- _Stored data_
⁂
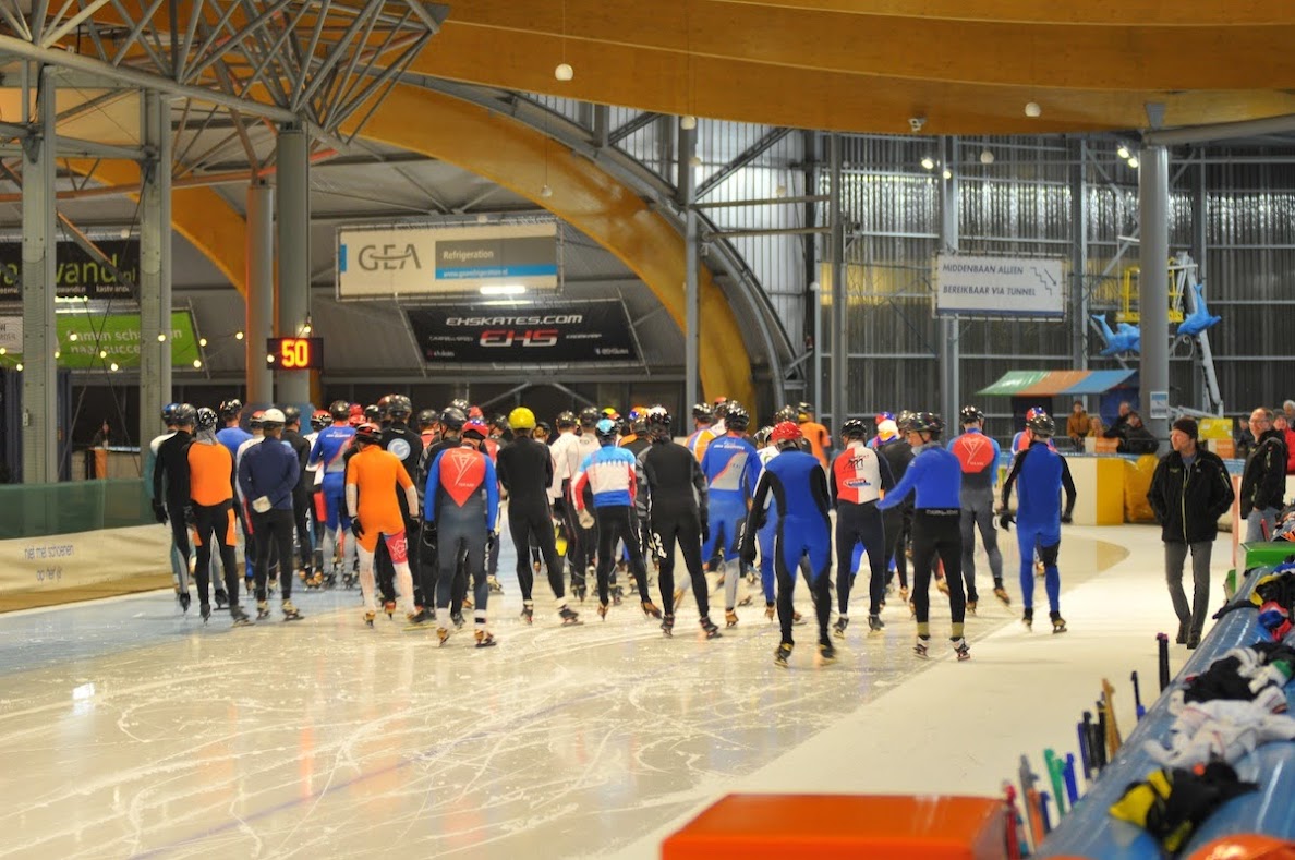 Daniel mocht als eerste starten voor Jongens pup B over 8 ronden. Met 7 man in de groep en vooraf samen de strategie bepaald ging Daniel van start; heel slim rijden en blijven zitten op de 3e plek. Daniel kwam met nog 500m te gaan bij uitkomst van de bocht zomaar aan kop. Ik zag hem vertwijfeld naar de kant kijken; wat gebeurt mij nou en wat moet ik doen? Er was maar één keuze, dat was volle bak door! Deze actie zorgde ervoor dat Daniel tot 75 m voor de finish nog op kop lag, maar door een misslag op het laatst, kwam hij als derde over de streep voor het kampioenschap van Haarlem. Daniel fantastisch gereden, mooie afsluiting van het seizoen en zoals iedereen op de ijsbaan zei: je doet niet meer onder voor de andere rijders en hoort gewoon bij de kopgroep en de kanshebbers in de marathon!
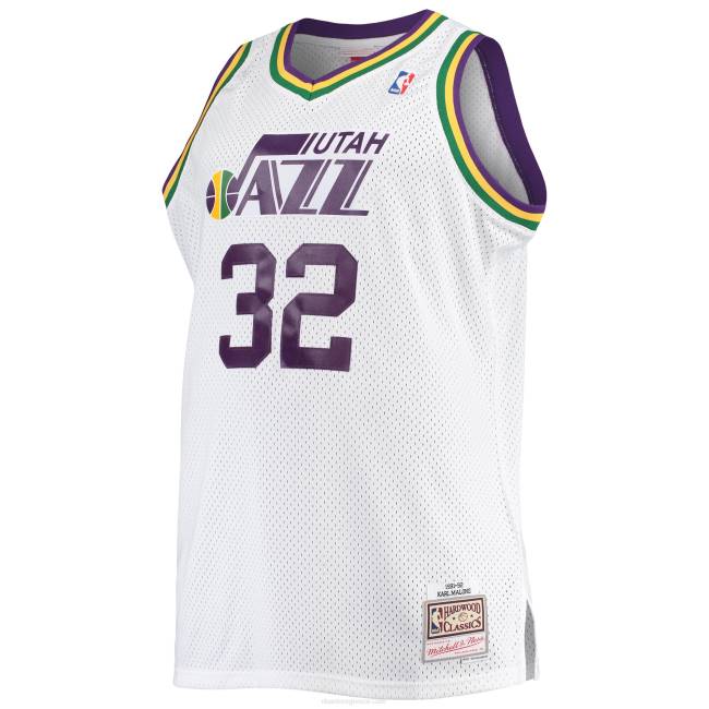 NBA N40H4462 Γιούτα τζαζ Karl Malone Mitchell & ness λευκή μεγάλη και ψηλή φανέλα κλασικού swingman από σκληρό ξύλο
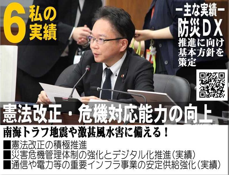 激甚化・頻発化する自然災害から国民の生命や財産を守るため、防災・減災・国土強靭化に注力していますが、100%避けることはできません。発災後の被害を最小減に食い止めるため官民連携の効果的な運用の実現に注力しています。特に近年注目されているのがデジタル化ですが、党の防災デジタルPT座長として(途中で防災担当の内閣府副大臣として)、本格的に危機管理として使えるシステムを目指して提言をまとめ、内閣府防災によって運用が始まりました。
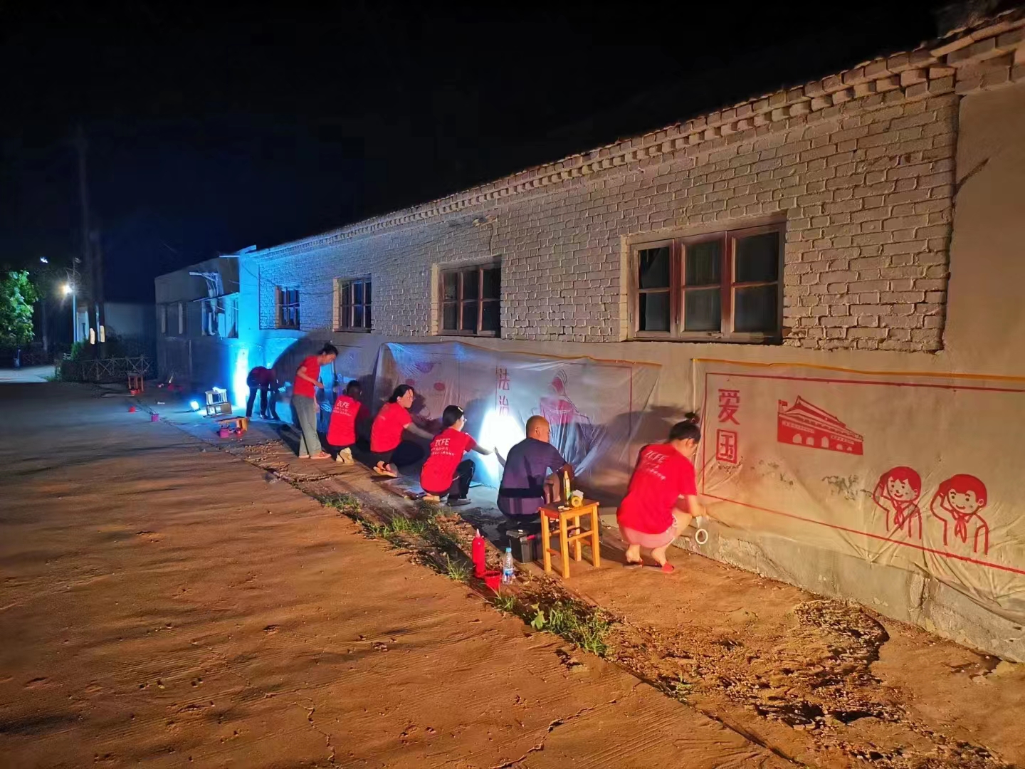 乡村筑梦家团队彩绘文化墙现场
⁂
Restate the data above verbatim, skipping every image.

- _Solved exercise_
 Daniel mocht als eerste starten voor Jongens pup B over 8 ronden. Met 7 man in de groep en vooraf samen de strategie bepaald ging Daniel van start; heel slim rijden en blijven zitten op de 3e plek. Daniel kwam met nog 500m te gaan bij uitkomst van de bocht zomaar aan kop. Ik zag hem vertwijfeld naar de kant kijken; wat gebeurt mij nou en wat moet ik doen? Er was maar één keuze, dat was volle bak door! Deze actie zorgde ervoor dat Daniel tot 75 m voor de finish nog op kop lag, maar door een misslag op het laatst, kwam hij als derde over de streep voor het kampioenschap van Haarlem. Daniel fantastisch gereden, mooie afsluiting van het seizoen en zoals iedereen op de ijsbaan zei: je doet niet meer onder voor de andere rijders en hoort gewoon bij de kopgroep en de kanshebbers in de marathon!
 NBA N40H4462 Γιούτα τζαζ Karl Malone Mitchell & ness λευκή μεγάλη και ψηλή φανέλα κλασικού swingman από σκληρό ξύλο
 激甚化・頻発化する自然災害から国民の生命や財産を守るため、防災・減災・国土強靭化に注力していますが、100%避けることはできません。発災後の被害を最小減に食い止めるため官民連携の効果的な運用の実現に注力しています。特に近年注目されているのがデジタル化ですが、党の防災デジタルPT座長として(途中で防災担当の内閣府副大臣として)、本格的に危機管理として使えるシステムを目指して提言をまとめ、内閣府防災によって運用が始まりました。
 乡村筑梦家团队彩绘文化墙现场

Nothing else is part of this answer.